Studio album by the Beatles
- Released: 3 February 1964
- Recorded: 4 September 1962 – 1 July 1963
- Studios: EMI, London
- Genre: Merseybeat
- Length: 32:11
- Label: Capitol Canada
- Producer: George Martin

The Beatles North American chronology
| Meet the Beatles! (1964) | Twist and Shout (1964) | The Beatles' Second Album (1964) |

The Beatles Canadian chronology
| Beatlemania!
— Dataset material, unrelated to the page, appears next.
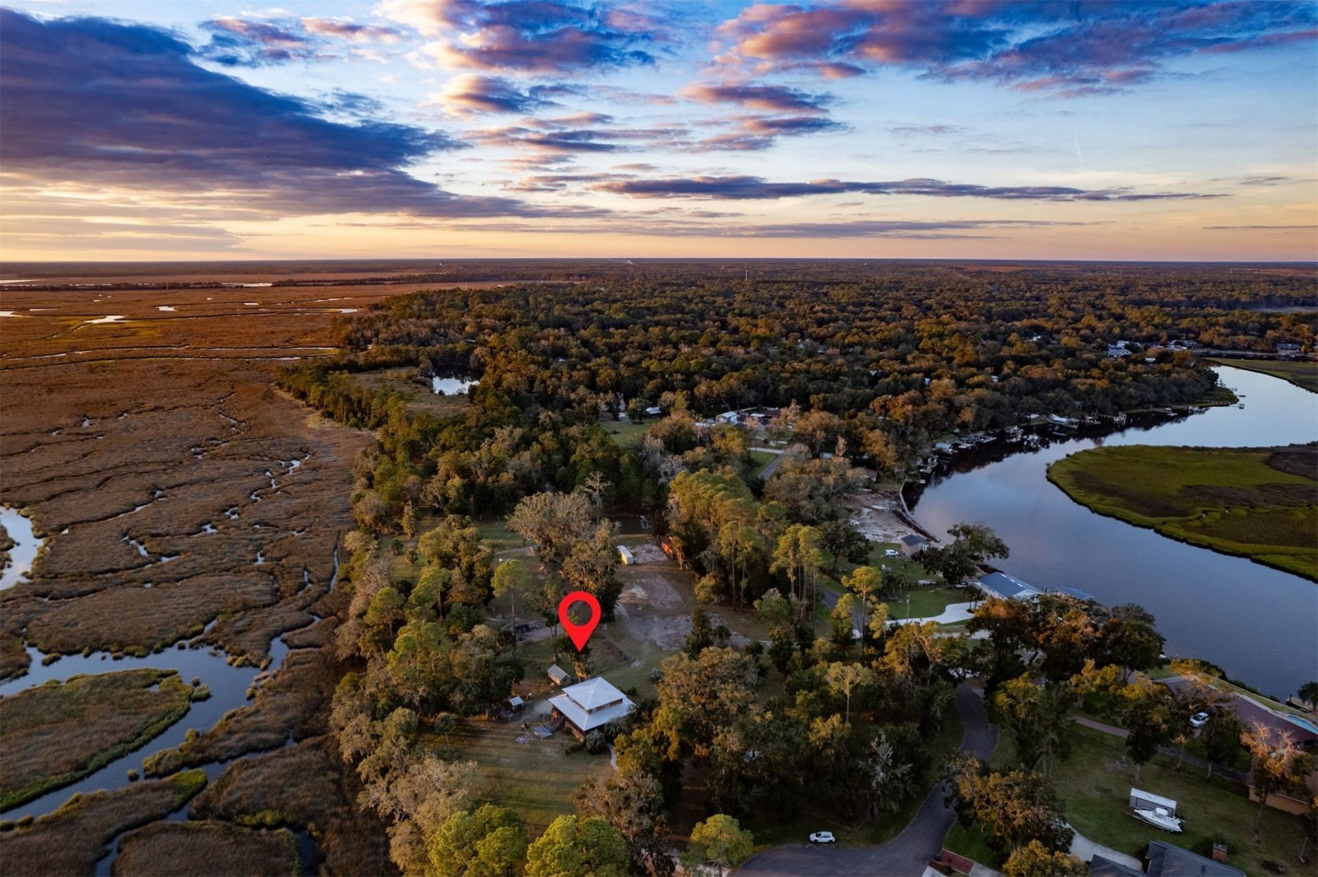 Set on more than 13 acres of marsh-front land in Yulee, this 4-bedroom, 3-bathroom property offers space, privacy, and views of the natural beauty of Lofton Creek. The home is positioned to take advantage of peaceful views and the quiet, low-country surroundings, creating a setting that feels removed while still within reach of everyday conveniences. The land is partially cleared and already functioning as an established farm, complete with irrigation and sections of fencing in place. Whether you plan to expand agricultural use, bring animals, or continue developing a homestead, the groundwork has been started. There is ample room for additional structures, gardens, workshops, or even a custom build to complement the existing home. The marsh frontage provides a dynamic backdrop with changing tides, wildlife, and open skies. This is a setting suited for those looking to live closer to nature, with opportunities to explore Lofton Creek, or simply enjoy the calm environment. With acreage this size, zoning flexibility, and existing improvements, the property supports a range of uses, from private estate living to small-scale farming or multi-generational planning. Quiet area, wide-open space, and direct connection to the surrounding landscape make this an exceptional opportunity in Yulee.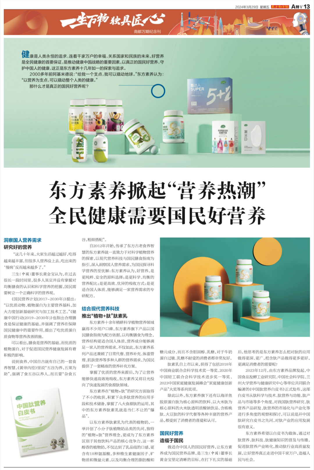 东方素养掀起“营养热潮” 健康是人类永恒的追求,连着千家万户的幸福,关系国家和民族的未来。好营养是全民健康的首要保证,是推动健康中国战略的重要因素。以真正的国民好营养,守护中国人的健康,这正是东方素养十几年如一的探索与追求。 2000多年前阿基米德说:“给我一个支点,我可以撬动地球。”东方素养认为:“以营养为支点,可以撬动整个人类的健康。” 那什么才是真正的国民好营养呢? 01 洞察国民营养需求 研究好的营养 “这几十年来,大家生活越过越好,吃得越来越丰富,但很多人营养没上去,吃出来的‘慢病’反而越来越多了。” 三生(中国)董事长黄金宝认为,在过去很长一段时间里,很多人其实并没有掌握对均衡膳食的认识和科学营养的把握,国民需要树立一个正确科学的营养观。 可以看出,膳食是营养的基础,而优质的植物蛋白,对于促进国民营养健康发展有着积极的影响。 说到食养,中国自古就有自己的一套食养智慧。《黄帝内经》里说“五谷为养,五果为助”,强调了食五谷以养人,而且要“杂食五谷,粗细搭配”。 自2012年开始,传承了东方古老食养智慧的东方素养就一直致力于对科学植物营养的探索,以现代营养科技与国民膳食指南为指引,深入洞察国人营养需求,为国民探寻科学营养的最优解:东方素养认为,好营养,是更纯粹、安全的原料选择;是更科学、均衡的营养配比;是更高效、优异的吸收方式;是更适合国人体质,能够满足一家营养需求的专研配方。 02 综合现代营养科技 推出“植物+肽”肽素乳 东方素养十余年精耕科学植物营养领域赢得不少用户口碑。东方素养旗下产品以国民膳食指南为配方依据,以均衡膳食为理念,营养结构更适合国人体质,营养成分能够满足一家人的营养需求。不仅如此,东方素养系列产品还兼顾了日常代餐、营养补充、体重管理、肌肤营养等多种人群的营养需求,为国民提供了一套精准的营养解决方案。 东方素养在“植物+肽”的研究方面取得了不小的收获,积累下众多肽营养的应用手段和技术储备,掌握了八大食源肽的运用,其中的东方素养肽素乳就是当仁不让的“爆品”。 肽素乳自上市以来,获得了包括2018年中国商业联合会科学技术奖一等奖、2020年中国轻工联合会科学技术进步奖一等奖、2023中国家庭健康发展峰会“家庭健康创新产品”大奖等系列奖项。 除此以外,东方素养旗下还有以海洋鱼胶原蛋白肽为核心原料的饮料、以大米肽为核心原料的大米肽透明质酸钠饮品、含核桃肽、大豆肽的科学代餐等各种丰富的营养产品,都受到了消费者的喜爱和认可。 03 国民好营养,造福于国民 做适合中国人的国民好营养,让东方素养成为国民营养品牌,是三生(中国)董事长黄金宝坚定清晰的目标,在打下扎实的基础后,他思考的是东方素养怎么把对肽的应用做得更深、更广,把含肽产品做得更多更好,更满足消费者的需要呢? 2023年12月,由东方素养品牌发起,中国食品发酵工业研究院、中国社会科学院、兰州大学营养与健康研究中心等单位共同联合编著的《中国肽营养白皮书》正式发布,这部白皮书从肽科学与技术、肽营养与功能、肽产品与市场等多个角度,对我国肽营养研究、肽营养产品研发、肽营养的市场化与产业化等进行多角度的观察和探讨,可以说是开中国肽研究白皮书之先河,对肽产业的应用发展很有意义。 东方素养希望以白皮书为载体,通过对肽营养、肽科技、肽健康知识的普及与传播,促进肽营养产业转化,推动肽行业高质量发展,让好营养真正走进中国千家万户,造福人民与社会。

With the Beatles (1963) | Twist and Shout (1964) | The Beatles' Long Tall Sally (1964) |

Singles from Twist and Shout
- "Twist and Shout" Released: 16 March 1964; "Do You Want to Know a Secret" Released: 26 May 1964;

= Twist and Shout (album) =

Album by the Beatles, released in Canada

Twist and Shout is the Beatles' second album released in Canada, in mono by Capitol Records (catalogue number T-6054) on 3 February 1964. It consists of songs mostly drawn from Please Please Me, their first LP released in the United Kingdom. This album, like its parent album, contains both original Beatles songs, as well as covers (including its namesake, "Twist and Shout"), denoted in the track listing.

==Track listing==

Side one
| No. | Title | Writer(s) | Lead vocals | Length |
|---|---|---|---|---|
| 1. | "Anna (Go to Him)" | Arthur Alexander | John Lennon | 3:00 |
| 2. | "Chains" | Gerry Goffin, Carole King | George Harrison | 2:25 |
| 3. | "Boys" | Luther Dixon, Wes Farrell | Ringo Starr | 2:28 |
| 4. | "Ask Me Why" | McCartney/Lennon | Lennon | 2:28 |
| 5. | "Please Please Me" | McCartney/Lennon | Lennon and McCartney | 2:00 |
| 6. | "Love Me Do" | Lennon/McCartney | McCartney and Lennon | 2:22 |
| 7. | "From Me to You" | McCartney/Lennon | Lennon and McCartney | 1:56 |
| Total length: |  |  |  | 16:39 |

Side two
| No. | Title | Writer(s) | Lead vocals | Length |
|---|---|---|---|---|
| 1. | "P.S. I Love You" | McCartney/Lennon | Paul McCartney | 2:06 |
| 2. | "Baby It's You" | Burt Bacharach, Mack David, Barney Williams | Lennon | 2:40 |
| 3. | "Do You Want to Know a Secret" | McCartney/Lennon | Harrison | 1:59 |
| 4. | "A Taste of Honey" | Ric Marlow, Bobby Scott | McCartney | 2:05 |
| 5. | "There's a Place" | McCartney/Lennon | Lennon and McCartney | 1:53 |
| 6. | "Twist and Shout" | Phil Medley, Bert Russell | Lennon | 2:33 |
| 7. | "She Loves You" | McCartney/Lennon | Lennon and McCartney | 2:19 |
| Total length: |  |  |  | 15:35 |

==Differences from Please Please Me==
- "I Saw Her Standing There" (the opening track of Please Please Me) and "Misery" were omitted from Twist and Shout. They both appear on the next Canadian LP release, The Beatles' Long Tall Sally.
- "From Me to You" and "She Loves You" were added to Twist and Shout. They were issued as the A-sides of singles in the UK.
- The two albums' front and back covers differ significantly.

==Reissues==
Twist and Shout received miscellaneous reissues since the initial release date. The initial release was exclusively mono audio, because stereo record players were not popular in Canada at the time of release and therefore not profitable. Early copies of the record were manufactured with a limited edition 8x10 inch poster of the Beatles. The subsequent reissues attributed Parr's, the printer commissioned by Capitol to create the cardboard record jackets as well as other minor variations in the label, font size, and catalogue numbers. Twist and Shout was eventually reissued in stereo in the 1970s, bearing catalogue number ST-6054 to denote stereo audio; all tracks were in stereo except for "Love Me Do", "P.S. I Love You", and "She Loves You", which remained mono. The stereo reissue is considered to be the definitive version.

==Certifications==

| Region | Certification | Certified units/sales |
| Canada (Music Canada) | 3× Platinum | 300,000^{^} |
^{^} Shipments figures based on certification alone.